---------- Records for this task

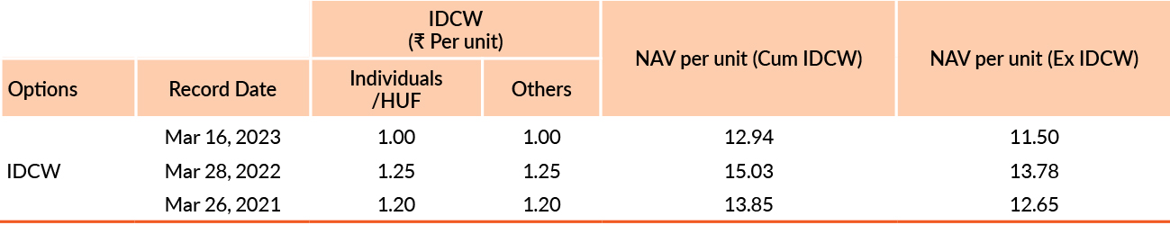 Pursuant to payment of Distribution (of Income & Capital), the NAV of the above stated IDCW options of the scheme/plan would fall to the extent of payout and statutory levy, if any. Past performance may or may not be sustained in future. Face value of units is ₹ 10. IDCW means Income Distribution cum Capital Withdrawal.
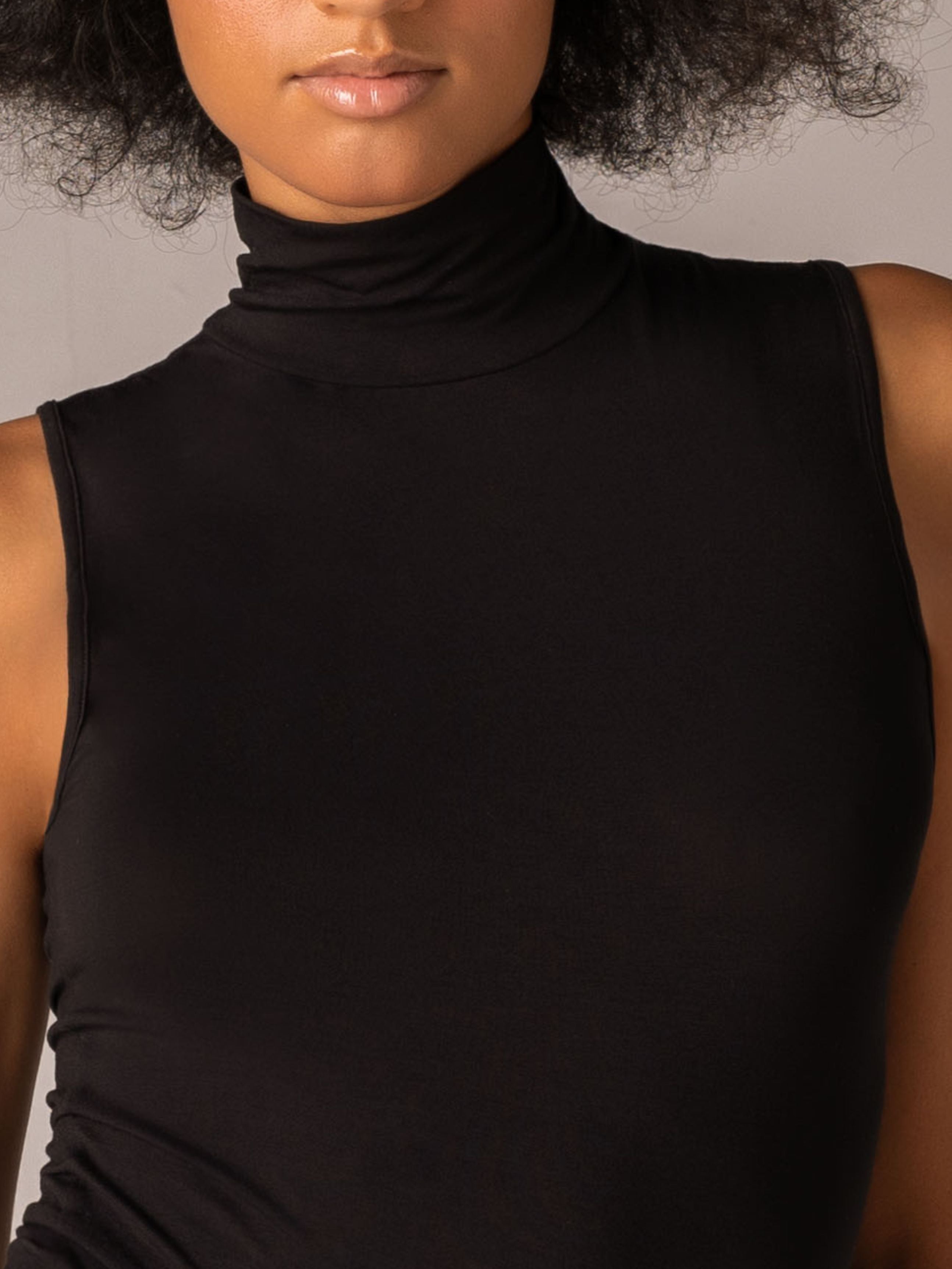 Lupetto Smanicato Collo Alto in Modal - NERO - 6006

--------------------
---------- Records for this task

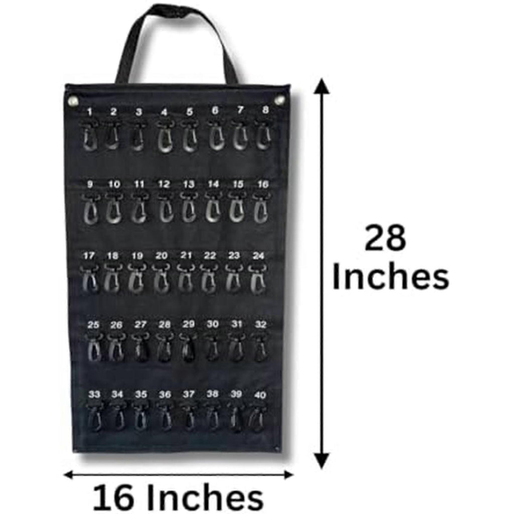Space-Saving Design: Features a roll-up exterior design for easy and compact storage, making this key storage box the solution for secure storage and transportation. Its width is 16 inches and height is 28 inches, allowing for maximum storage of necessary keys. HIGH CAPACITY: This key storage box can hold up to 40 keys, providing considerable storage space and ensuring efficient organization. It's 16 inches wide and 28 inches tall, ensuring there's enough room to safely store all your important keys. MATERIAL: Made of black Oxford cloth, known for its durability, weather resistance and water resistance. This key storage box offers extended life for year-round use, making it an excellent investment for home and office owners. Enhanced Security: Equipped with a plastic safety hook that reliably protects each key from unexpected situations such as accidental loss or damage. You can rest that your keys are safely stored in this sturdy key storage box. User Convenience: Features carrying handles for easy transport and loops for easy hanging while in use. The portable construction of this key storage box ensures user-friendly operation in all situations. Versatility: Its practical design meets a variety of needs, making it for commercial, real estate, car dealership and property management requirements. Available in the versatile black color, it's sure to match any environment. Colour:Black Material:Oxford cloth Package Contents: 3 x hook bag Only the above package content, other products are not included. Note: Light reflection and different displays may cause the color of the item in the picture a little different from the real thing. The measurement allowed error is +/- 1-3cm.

--------------------

### Problem details
Output exactly, and only, the lines of the entries above from the one with "Pursuant to payment" up to and including the one with "Lupetto Smanicato Collo"; pictures are to be left out.

### Solution
 Pursuant to payment of Distribution (of Income & Capital), the NAV of the above stated IDCW options of the scheme/plan would fall to the extent of payout and statutory levy, if any. Past performance may or may not be sustained in future. Face value of units is ₹ 10. IDCW means Income Distribution cum Capital Withdrawal.
 Lupetto Smanicato Collo Alto in Modal - NERO - 6006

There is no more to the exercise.